Mais ce gigantisme a été réalisé au détriment de la manœuvrabilité. Aussi, pour chasser efficacement le krill et nourrir convenablement son corps immense, la baleine bleue compense-t-elle le manque d’agilité par une bouche encore plus grande, donc un corps encore plus grand. « [La baleine bleue s’est retrouvée] piégée dans un cercle tautologique de spécialisation : il faut qu’elle soit assez grande pour manger assez, pour être grande. […] Le retranchement écologique est devenu un emprisonnement. »

Un géant au pied d'argile

Où l’augmentation de la taille s’arrêtera-t-elle ? « La taille maximum des animaux ne semble pas être limitée par la physiologie, mais plutôt par la disponibilité des proies », souligne Jérôme Goldbogen. Et c’est bien là le problème pour les géants des mers.
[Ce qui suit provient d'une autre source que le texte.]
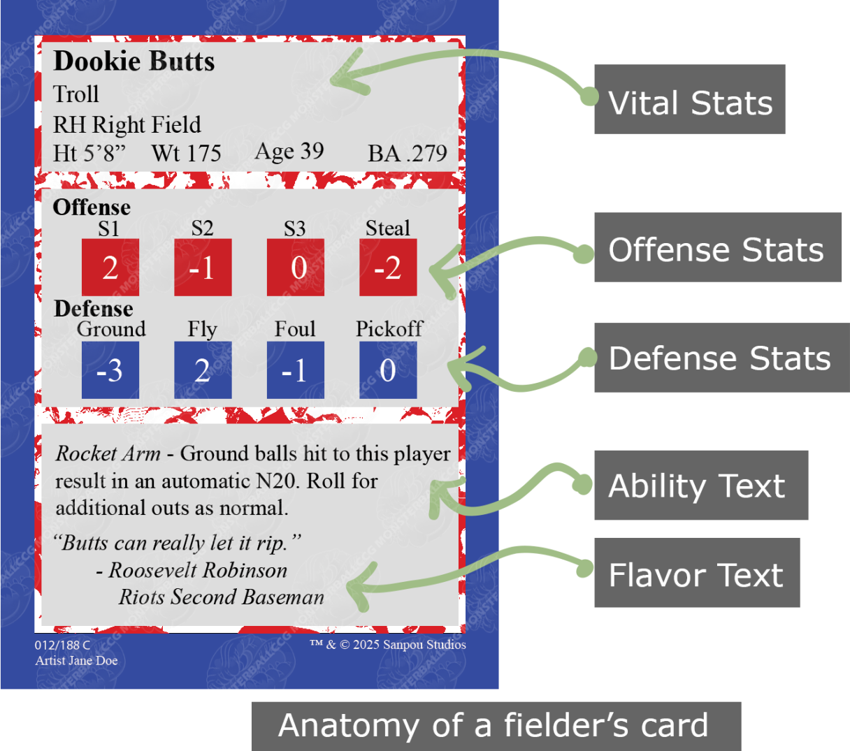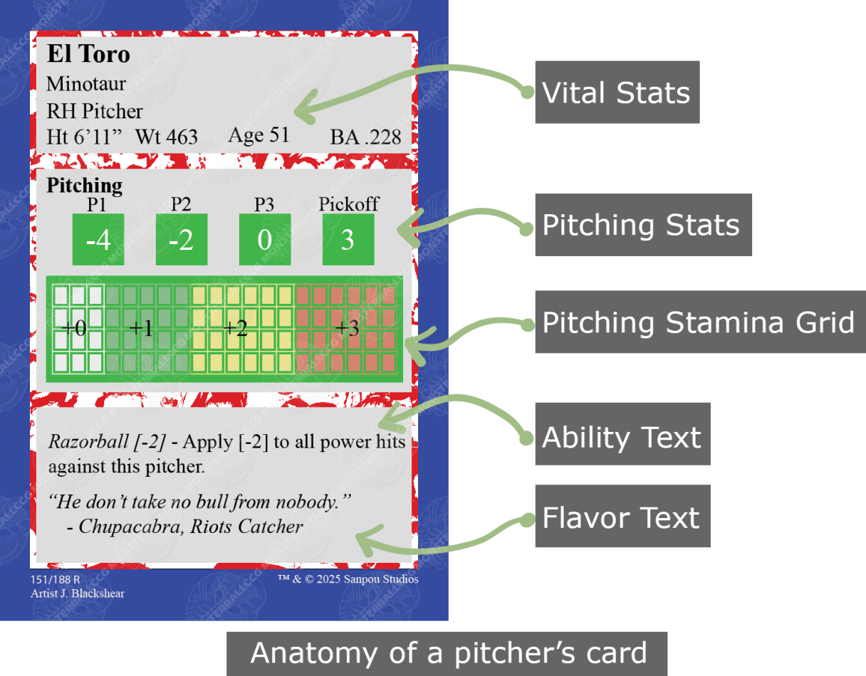 The front side of both a fielder’s card and a pitcher’s card list everything you need to know about the player to play a game of monsterball.

Car une niche écologique aussi poussée que celle du rorqual bleu est à double tranchant. Bien sûr, une si grande taille met à l’abri de la plupart des prédateurs de la planète – si on exclue l’être humain. Mais un tel degré de spécialisation rend l’espèce très sensible aux changements environnementaux. Face à la diminution de zones abondantes en krill (à cause des changements climatiques ou de la surpêche par exemple) et au manque d’accessibilité de ces zones (due notamment à la navigation ou la présence d’engins de pêche), est-ce que le gigantisme des baleines bleues est une stratégie qui peut perdurer ? Nous ne pouvons que l’espérer.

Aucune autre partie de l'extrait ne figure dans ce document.